[Lingtyp] Verbal person-number indexing reconstructed for a family/deeper subfamily?
gil at shh.mpg.de
Wed Jun 20 16:18:28 UTC 2018
In my previous posting, my use of the term "person agreement" was
imprecise, as I think Martin is implying: in the Austronesian cases that
I am familiar with, the "conominal" (to use Martin's term from his
"Argument Indexing" paper) is indeed optional, not obligatory as in
German and English.
On 20/06/2018 13:38, Martin Haspelmath wrote:
> Changing the topic a bit: I'm glad that the term "person(-number)
> indexing" is being used in this discussion, because "agreement in
> person" seems to be extremely rare in the world's languages (found
> only in Germanic, Romance, and Anejom, according to Siewierska 1999: 239).
> Many linguists use the term "agreement" in situations like Spanish "yo
> quier-o“, even though in almost all languages with person indexes the
> independent personal pronoun is only used to emphasize the referent.
> This seems to be motivated primarily by the situation in German and
> English, where the pronoun is indeed obligtory and the verb can be
> said to copy its person-number features from the pronoun.
> Or am I missing something? Are there other reasons to use the term
> "person agreement", e.g. in the Austronesian languages of eastern
> Indonesia that David mentions?
> Siewierska, Anna. 1999. From anaphoric pronoun to grammatical
> agreement marker: Why objects don’t make it. /Folia Linguistica/
> 33(1–2). 225–252.
> On 20.06.18 09:36, David Gil wrote:
>> This is not exactly what you're asking for, but perhaps close enough
>> to be of interest.
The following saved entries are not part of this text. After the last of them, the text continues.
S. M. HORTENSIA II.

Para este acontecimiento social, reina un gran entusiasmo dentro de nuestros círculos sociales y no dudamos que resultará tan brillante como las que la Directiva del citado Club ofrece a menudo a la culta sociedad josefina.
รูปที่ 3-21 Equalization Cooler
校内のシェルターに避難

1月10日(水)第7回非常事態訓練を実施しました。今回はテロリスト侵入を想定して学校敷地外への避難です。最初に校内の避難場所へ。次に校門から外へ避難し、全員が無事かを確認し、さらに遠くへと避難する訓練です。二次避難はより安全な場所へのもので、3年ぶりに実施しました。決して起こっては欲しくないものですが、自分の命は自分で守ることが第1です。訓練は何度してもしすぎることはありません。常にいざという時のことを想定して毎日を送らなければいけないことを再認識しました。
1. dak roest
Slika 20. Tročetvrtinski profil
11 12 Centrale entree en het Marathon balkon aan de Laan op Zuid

Austronesian languages typically do not have
>> verbal person-number subject indexes; however, in many Austronesian
>> languages of eastern Indonesia, verbal agreement has arisen, and, for
>> the most part, the markers in question are clearly reconstructable to
>> the earlier Austronesian independent pronouns.
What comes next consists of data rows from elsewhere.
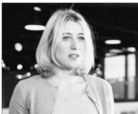
Valeria Bruni Tedeschi vient présenter son second film, "Actrice", dont elle est précisément l'une des... actrices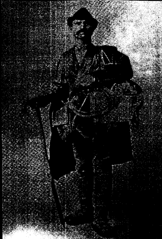
■ obrázek 18 Vandrovní dráteník z počátku 20. stol. (Považské múzeum v Žilině)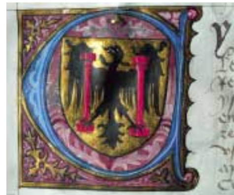
Armes de Besançon. Enluminure dans un registre de comptes de la Ville, XVI e siècle.

Ce service conserve les archives de la Ville de Besançon depuis 1290, constituées des documents produits par les services de la commune. Très divers (registres paroissiaux puis d'état civil, budgets et comptes, dossiers techniques de bâtiments, etc...) ils permettent de retracer l'histoire de la ville.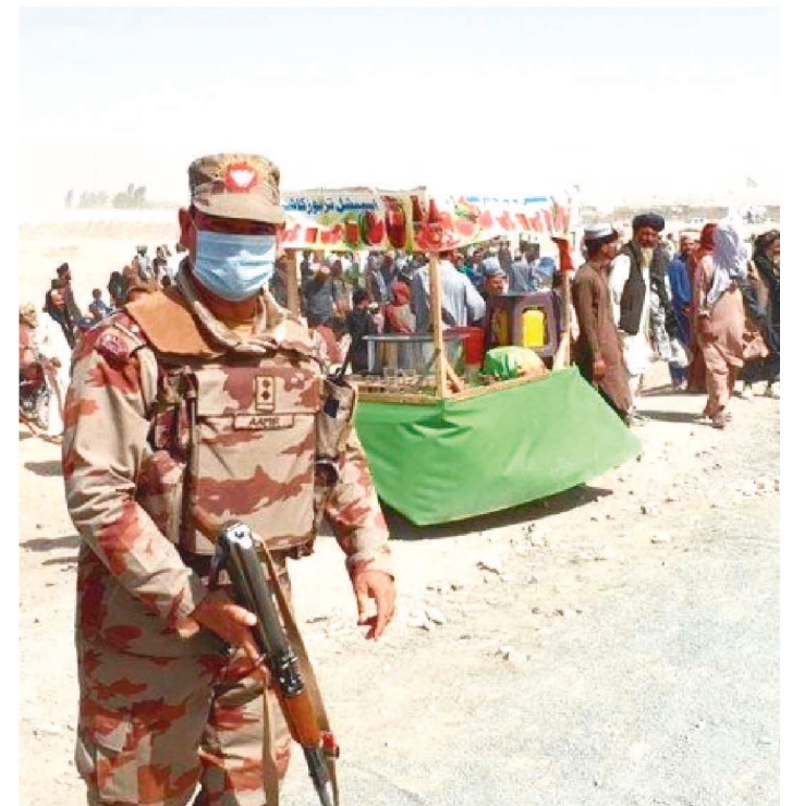
TALIBÃS ESTÃO AMPLIANDO DOMÍNIO PARA GRANDES CIDADES

Os talibãs assumiram o controle nesta segunda-feira (9/8) de Aibak, na região norte do Afeganistão, a sexta capital provincial a cair em suas mãos em apenas quatro dias, informou uma fonte do governo local.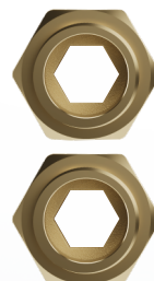
2 SZT. PÓŁŚRUBUNKÓW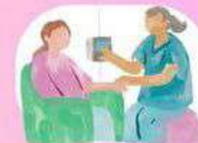
Penyakit medis kronis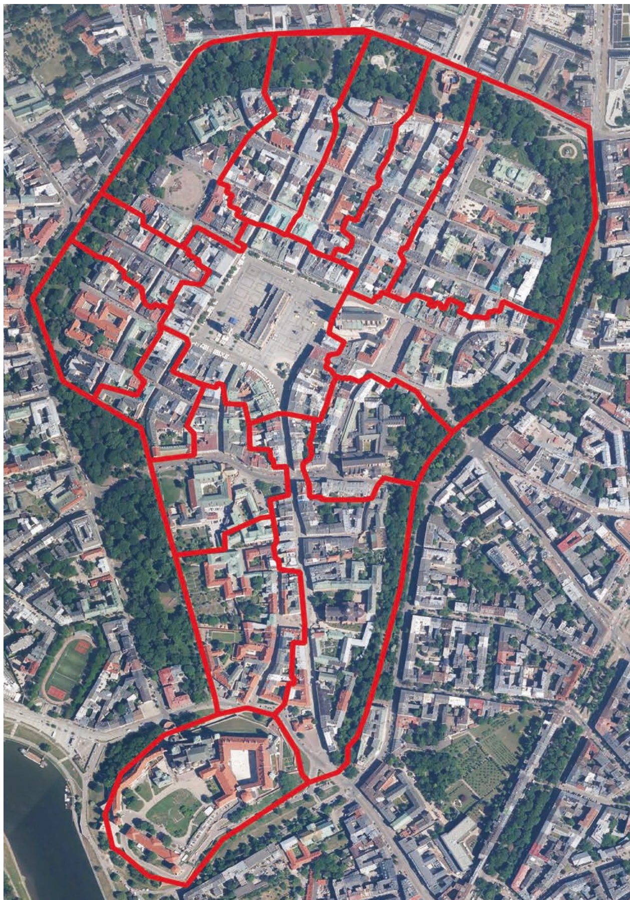
Ryc. 1. Proponowany podział Starego Miasta na poszczególne zeszyty. Granice opracowane na podstawie planu katastralnego z 1848 r., naniesione na ortofotomapę; oprac. Mateusz Niemiec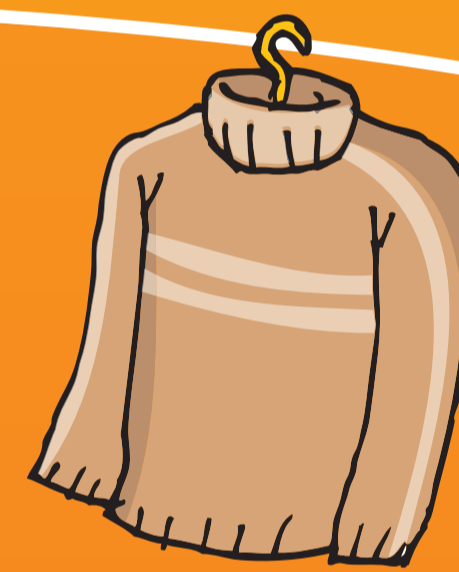
● Pullover (-)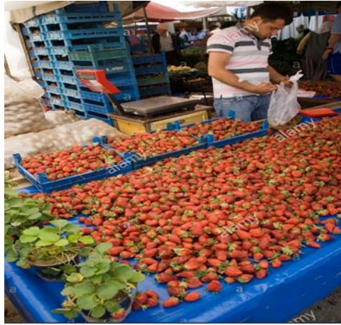
Fotografía 6: Pesaje con implementación

>> On 19/06/2018 21:52, Ilja Seržant wrote:
>>> Dear all,
>>> I am looking for families (or subfamilies with a larger time depth)
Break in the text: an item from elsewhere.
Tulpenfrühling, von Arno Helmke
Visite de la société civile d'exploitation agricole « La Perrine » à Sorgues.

>>> for which verbal person-number subject indexes / "agreement" affixes
>>> (featuring the intransitive subject for ergative lgs.) are
>>> reconstructed. (I already have data on Dravidian, Semitic,
>>> Indo-European, Maya, Finno-Ugric and Turkic but I need more for my
>>> study on the dynamics of these).
>>> I would be very grateful for any reference.
> Martin Haspelmath (haspelmath at shh.mpg.de)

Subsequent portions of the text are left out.